Hi,

> The only argument I'm making is against the preconceived notion that a
> program in C is always faster than the same program in perl.
agree. there are good c programmers and bad c programmers.
good ones know how to write fast c code - bad ones don't.
good ones usually thinking in lowlevel asm while typing c lines.
of course all this is imho.

in other side - there are lowlevel and highlevel languages.
the same job programmed in lowlevel language (if done well) means 
longer development time and longer source code but faster result
than same in a high-level language. also means more possible bugs.

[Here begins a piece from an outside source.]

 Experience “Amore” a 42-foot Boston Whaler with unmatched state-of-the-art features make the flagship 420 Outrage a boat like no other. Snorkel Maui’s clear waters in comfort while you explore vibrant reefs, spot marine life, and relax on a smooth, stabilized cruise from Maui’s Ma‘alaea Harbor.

also, take a look at teh memory usage. my - yes, incomplete yet, but it
doens't matter too much - code needs ~ 200kB of emmory - hte perl version
requires ~10MB. when forking, my version forks ~200k while your forks ~10M
yes, i know about copy-on-write, and there are other things too, but somehow
the small c code looks much more efficient than teh big slow perl thingie

but stop this useless flame - we won't agree in these.
there are c-fans and there are perl-fans. i'm the c one, you are the perl one.

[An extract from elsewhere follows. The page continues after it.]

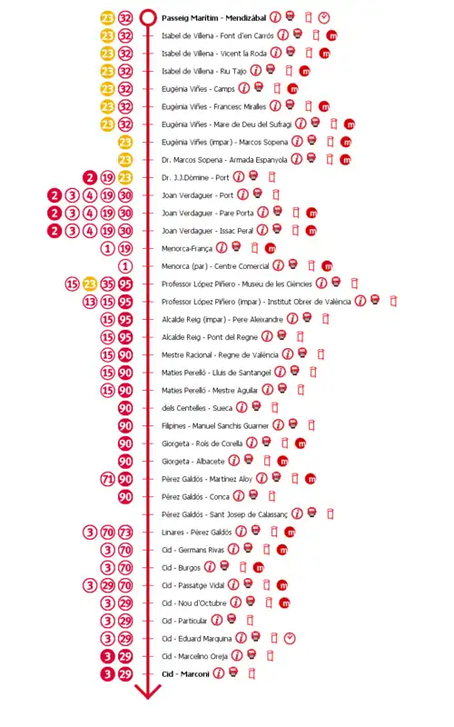 La línea 20 Av. del Cid - Marina Reial - Platges de EMT de Valencia es una de las dos líneas especiales a las playas, y que solo funciona en periodo estival.

> (if that were true, then ASM programs would be faster than C, but we
> know that is false because the compiler's optimizer is usually better
> than me)
sorry, i 1000% disagree.
at least nothing can beat asm code optimized by hand.
i did it a lot, in commercial projects, and sometimes optimizing 20 lines
of code took days, but finally it used every clock of every cpu pipeline,
and got 70% faster than code optimized by intel's cc compiler with max
optimization level.
also note that most compiler can't compile/optimize vector operations (like
mmx/sse/sse2 code).
you have to know how doe sthe cpu works internally, what are the limitatins
of the pipelines, and modify teh algorithm to optimally fit to that, then
write it down in lowest-level asm language.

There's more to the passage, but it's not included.